Striptease con el Invincible

Había citas especiales cuando algún barco de la armada británica recalaba en el puerto. Entonces se organizaban amistosos entre la marinería y el Vigo, al que invitaban a las recepciones oficiales. Como cuando el portaaviones Invincible fondeó en agosto de 1989 tras varios meses de singladura. Los ingleses tomaron la ciudad. Deambulaban por las calles con cajones de cerveza atados a la espalda. Al partido se presentaron con la bebida metida en contenedores de basura. Es también el "tercer tiempo" más indeleble. El rito reúne a los contrincantes en un pub. La rivalidad se transforma en camaradería. En aquella ocasión la fiesta terminó con un inesperado "striptease" colectivo al ritmo de "Singing in the rain". Manolo huyó avengonzado.

El rugby les llenaba el cuerpo de magulladuras. Amoedo, ya ejerciendo de abogado, se presentaba cada lunes en el juzgado envuelto en tiritas. "¿Quién es el detenido?", llegó a preguntar el juez. La resistencia al dolor forma parte de sus sacramentos. "Aquí no existe la teatralidad del fútbol. Nunca quieres salir del campo", establece Bao, al que los demás elogian porque se partía el alma en la delantera "aunque apenas tenía el balón en la mano. Cada uno respeta su función. No hay estrellas".

Abundan las historias al respecto. Relacionadas con Amoedo, "el más trastornado", concreta Bernárdez. También menciona al apodado Setetetas que, conmocionado, corría en dirección contraria a sus compañeros. "Que atacamos hacia allí", le gritaban. O a un tal Paco, que sangraba a chorros por la cabeza y se negaba a parar. "Eu son eu", se indignaba y Bernárdez le insistía: "Que me estás poniendo perdido".

Locuras de juventud. "Jugábamos quince o catorce, los que fuésemos. Hasta ser menos de doce no se paraba el partido". Tito Salvador, tras recibir un golpe, escupió dos dientes. "Hostia, partíronme os piños". "A la semana siguiente aparecimos todos con protector bucal", confiesa Bao.

Nada importaba, más que el amor al juego. "El partido en el que más me he divertido fue contra el Salvador", cuenta Amoedo. "Allí nos ganaron 105-0. Aquí, 42-12. Nos pasamos todo el rato placando. Me rompí la mano".

Paquito, que había estudiado en el INEF, quiso encargarse de la preparación física. "Estirad el psoas, ahora los isquiotibiales", instruía, ante el estupor general. Amoedo le aclaró: "En rugby tenemos pierna, rodilla y brazo". Derrotar precisamente a los pimpollos del INEF coruñés, tan apolíneos, era actividad predilecta. "Los machacábamos", resume Bao.

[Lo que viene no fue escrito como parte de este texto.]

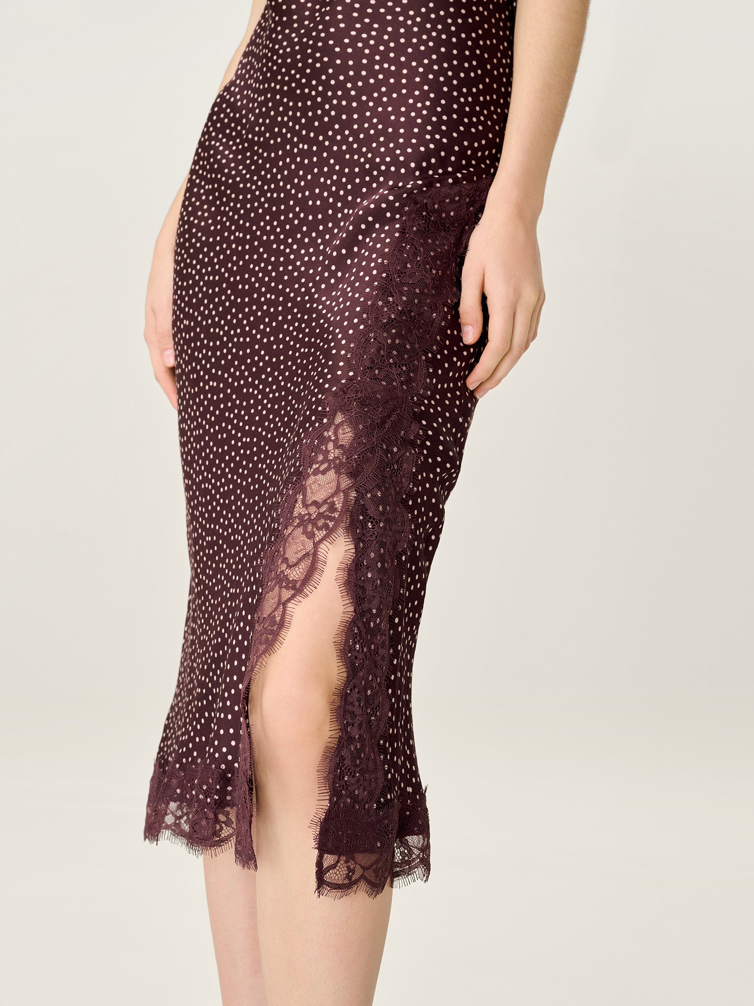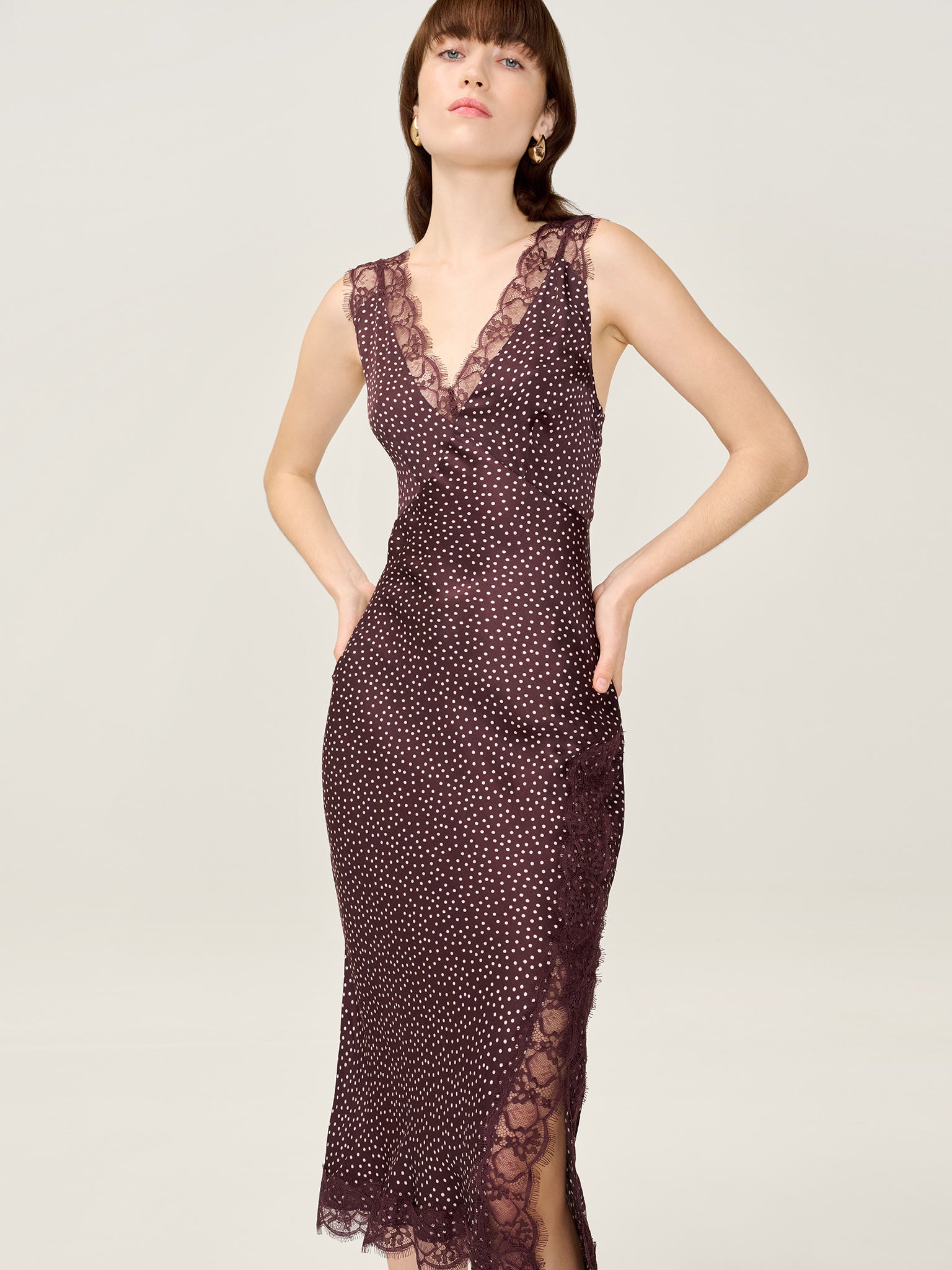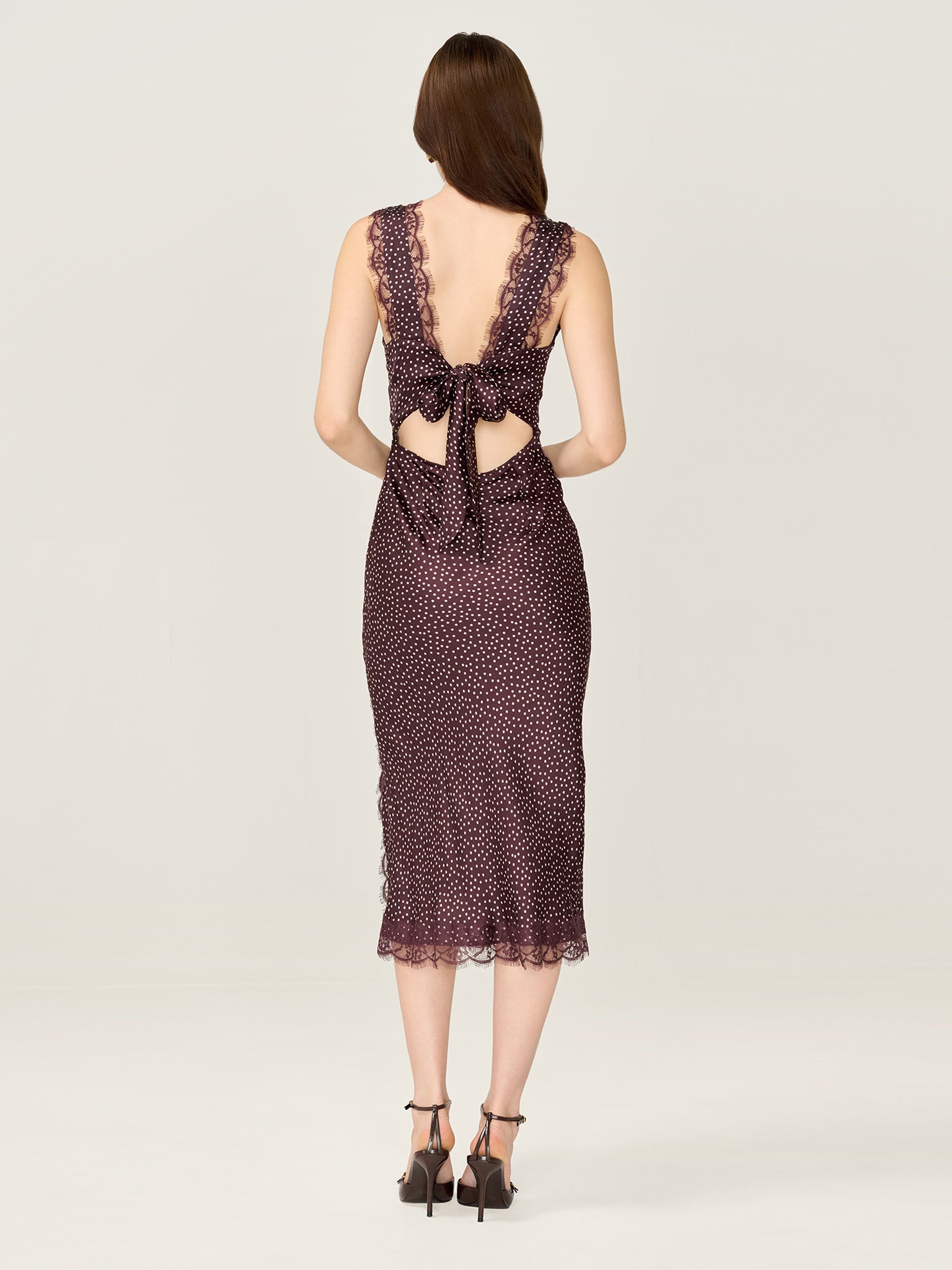 Modern meets romantic in the Penny dress, crafted from soft viscose in a rich chocolate brown polka dot print. Designed to flatter, this knee-length silhouette features delicate lace trim with a leg slit for a little flirty detail. The open back with sash tie creates a statement silhouette, perfect for date nights or layering knitwear for effortless day-to-evening dressing.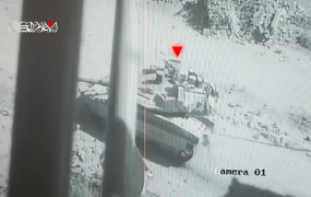 بثت كتائب القسام -الجناح العسكري لحركة المقاومة الإسلامية (حماس)- اليوم الأحد مشاهد من تدمير دبابة إسرائيلية بعبوة شديدة الانفجار شرقي معسكر جباليا شمالي قطاع غزة. وحسب مقطع الكتائب، فإن استهدافها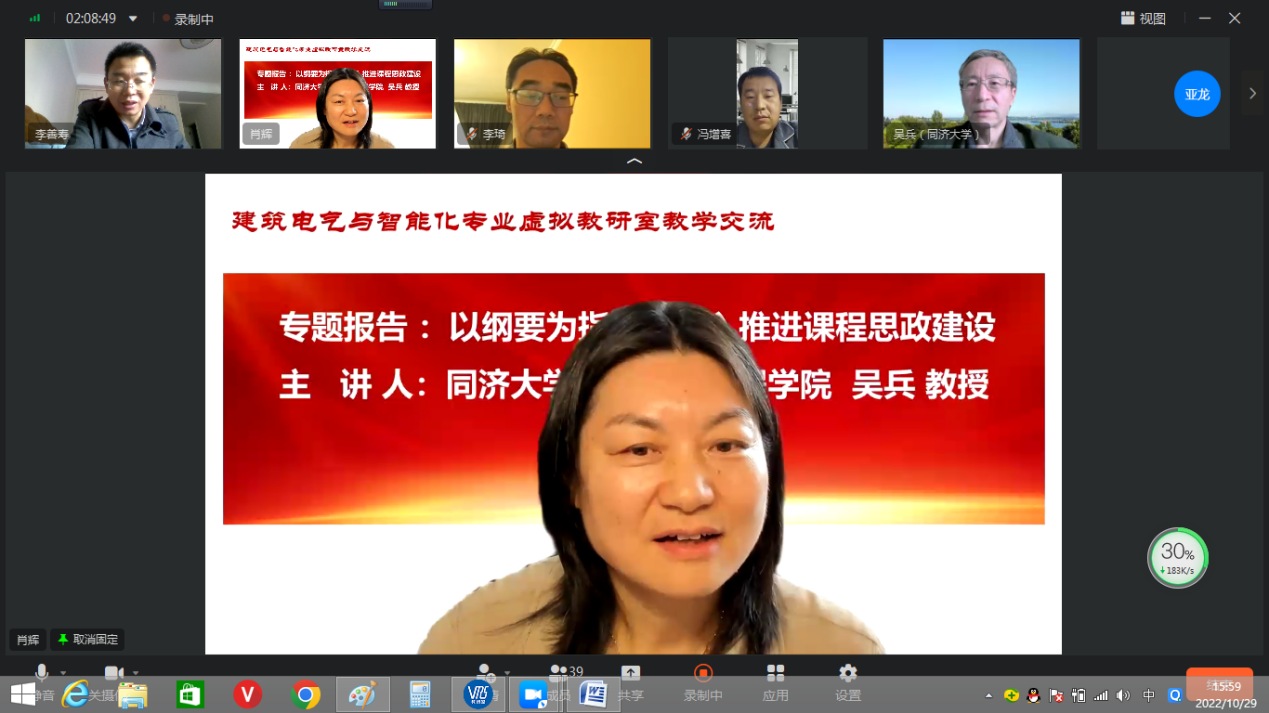 本网讯 10月29日下午,由我校牵头建设的“建筑电气与智能化专业”全国首批虚拟教研室,通过虚拟教研室平台举办了“以纲要为指导 深入推进课程思政建设”的课程思政示范课建设活动,本次活动由教研室轮值主任同济大学肖辉教授主持,主讲嘉宾同济大学交通运输工程学院吴兵教授分享了自身主持“交通运输类课程思政研究”国家虚拟教研室建设和国家课程思政示范课程建设的经验,以及在相关专业理论课程教学中的若干课程思政改革实践。本次活动共有来自全国近20所高校,50多名教师参与。

Han pasado dos décadas. Se les han aflojado los músculos. Las articulaciones les chirrían. Mantienen intacto el espíritu. Quedan a comer cada Navidad. Matan las ganas en el Vigo Vellos. Se emocionan al ver que aficionados de toda Galicia peregrinan a As Lagoas. Ellos difundieron esa buena nueva que hoy fructifica: el respeto al rival y al árbitro, la fraternidad entre compañeros, el sacrificio. Jamás ha flaqueado su fe en este punto que juntos salmodian: "El rugby es una religión, una forma de vida".